Emiten tambang logam di bawah naungan MIND ID, PT Timah Tbk. (TINS), menyiapkan sejumlah strategi untuk menghadapi pelemahan harga komoditas.
Direktur Keuangan dan Manajemen TINS Fina Eliani menyebutkan, harga global timah pada semester II-2022 cenderung mengalami penurunan. Sejauh ini, harga rata-rata di semester II-2022 telah turun sampai 50% dibandingkan dengan semester I-2022.
“Volatilitas ini merupakan risiko perusahaan tambang, tidak terkecuali timah. Kami sudah berupaya secara maksimal menghadapi risiko ini, salah satunya dengan melakukan hedging harga jual logam, terutama untuk kontrak jangka panjang,” kata Fina dalam Public Expose Live 2022 secara virtual, Rabu (14/9).
Meski demikian, perseroan tetap menargetkan pertumbuhan kinerja sepanjang 2022 setelah menikmati tingginya harga komoditas logam pada semester I-2022.
Dari segi operasional, TINS akan menggenjot produksi sehingga harga pokok bisa ditekan di paruh kedua 2022. Produksi TINS pada semester I-2022 tercatat mengalami penurunan jika dibandingkan dengan periode yang sama tahun lalu. Namun, kinerja keuangan tetap tumbuh karena ditopang oleh harga komoditas global yang tinggi.
Produksi bijih timah TINS pada enam bulan pertama tahun ini tercatat turun sebesar 14% menjadi 9.901 ton, dibandingkan dengan periode yang sama tahun lalu sebesar 11.457 ton.
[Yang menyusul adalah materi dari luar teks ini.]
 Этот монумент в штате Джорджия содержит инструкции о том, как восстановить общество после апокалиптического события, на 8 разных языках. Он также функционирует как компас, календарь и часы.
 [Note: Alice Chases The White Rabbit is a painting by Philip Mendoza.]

Secara rinci, 39% atau sebanyak 3.829 ton dari produksi bijih timah tersebut berasal dari penambangan darat, sedangkan sisa 61% atau 6.072 ton dari penambangan laut.
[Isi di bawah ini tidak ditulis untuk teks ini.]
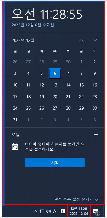 시간 및 날자 영역을 마우스 왼쪽 클릭을 하시면 위 이미지와 같이 팝업이 열립니다.
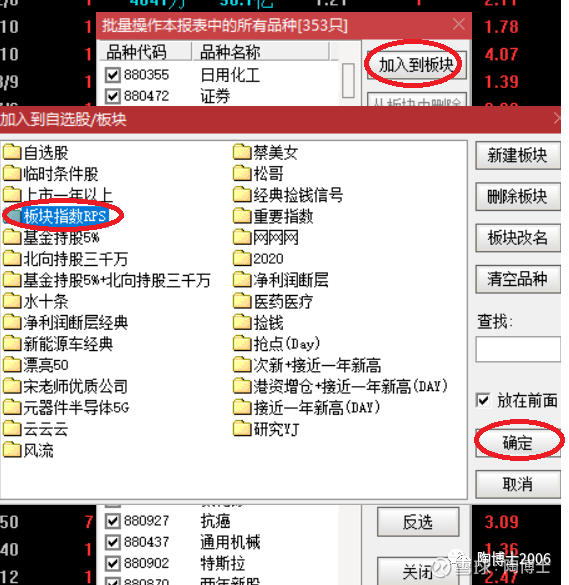 这样,新的自定义板块“板块指数RPS”就建好了。这一步是建立板块指数RPS曲线的必须的第一步。

Produksi logam timah di paruh pertama tahun ini juga turun 26% menjadi 8.805 ton dari periode yang sama tahun lalu sebanyak 11.915 ton. Hal ini menyebabkan penjualan logam timah turun 21% menjadi 9.942 ton dibanding enam bulan pertama 2021 sejumlah 12.523 ton.
“Proyeksi sampai akhir tahun, sebagaimana diketahui harga jual mengalami penurunan yang cukup signifikan. Namun, kami akan tetap mempertahankan kinerja untuk terus bertumbuh. Selain efisiensi dan meningkatkan produksi, kontribusi anak usaha akan naik dibanding dengan tahun lalu,” ujar Fina.
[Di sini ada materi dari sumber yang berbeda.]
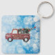 Llavero camión de cosecha roja sobre fondo de copo de niev
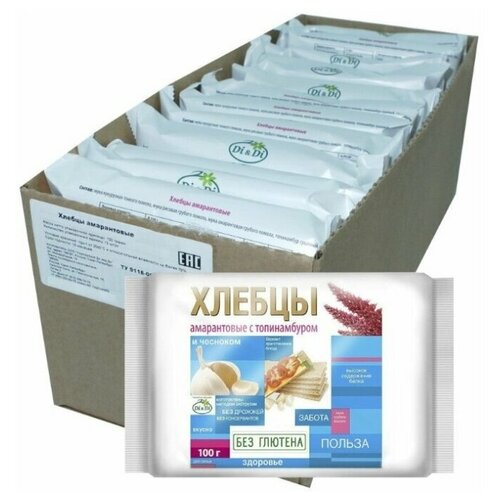 Хлебцы амарантовые DI&DI, с чесноком, без глютена, без сахара, без дрожжей (12 шт*100гр, шоубокс) / безглютеновые хлебцы
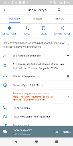 Read moreI mean, It's Ben & Jerry's. The ice cream is very good. And the location has parking on the other side of the street. It's pretty accessible and you can sit around the area which is good. Very tranquill spot to just relax, eat an ice cream and talk with friends and/or family. Only thing I could say was a little bit of a down is that some flavors weren't available. But still great...
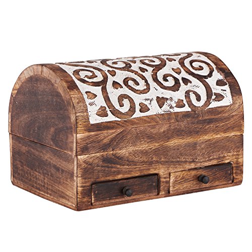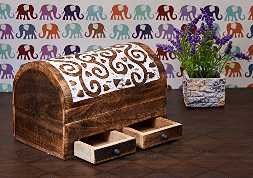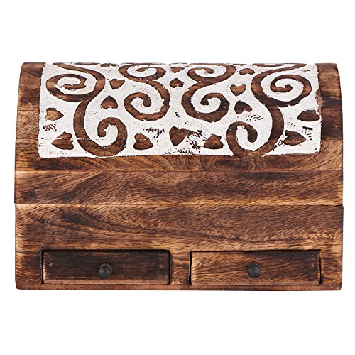 Crafted from the finest Mango wood, this jewelry box comes with floral carvings on top.
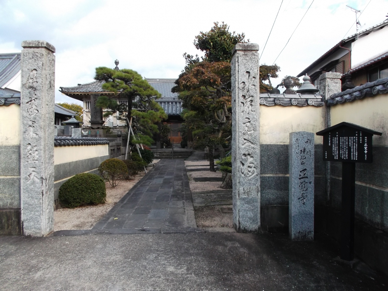 寺町の通り沿いの石柱のある三門から奥まったところに、菊花紋瓦の山門そして本堂があります。曹洞宗・持地山が山号の正覚寺。
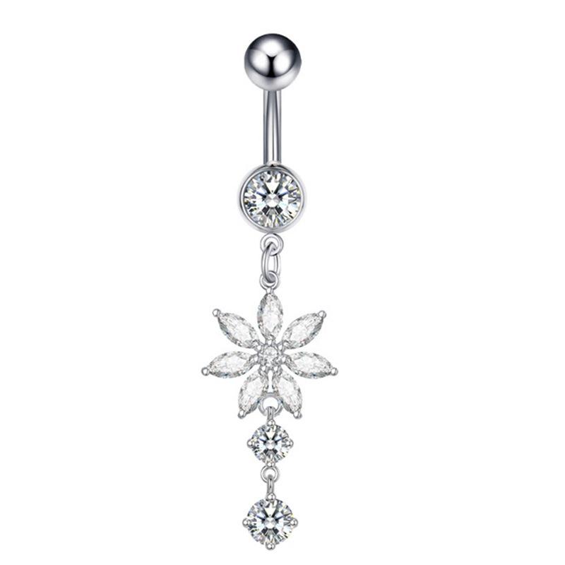 Colgante de acero inoxidable anillo para el ombligo de flor larga con flor de circonita incrustada anillo para el ombligo creativo clavo para el ombligo joyería para piercing corporal Cien

Sedangkan Sekretaris Perusahaan TINS Abdullah Umar mengatakan, prospek kinerja ke depan terlihat cukup cerah seiring dengan selisih pasokan dan permintaan timah dunia yang tidak seimbang. Data memperlihatkan volume konsumsi timah global setiap tahunnya berkisar dari 3-10% lebih tinggi dari volume produksi.
“Dalam tujuh tahun terakhir, ada gap antara produksi dan konsumsi timah dunia. Konsumsi cenderung lebih tinggi 3-10%, fundamental harga cukup kuat dengan demand yang masih tinggi. Ini akan memengaruhi proyeksi ke depan,” tuturnya.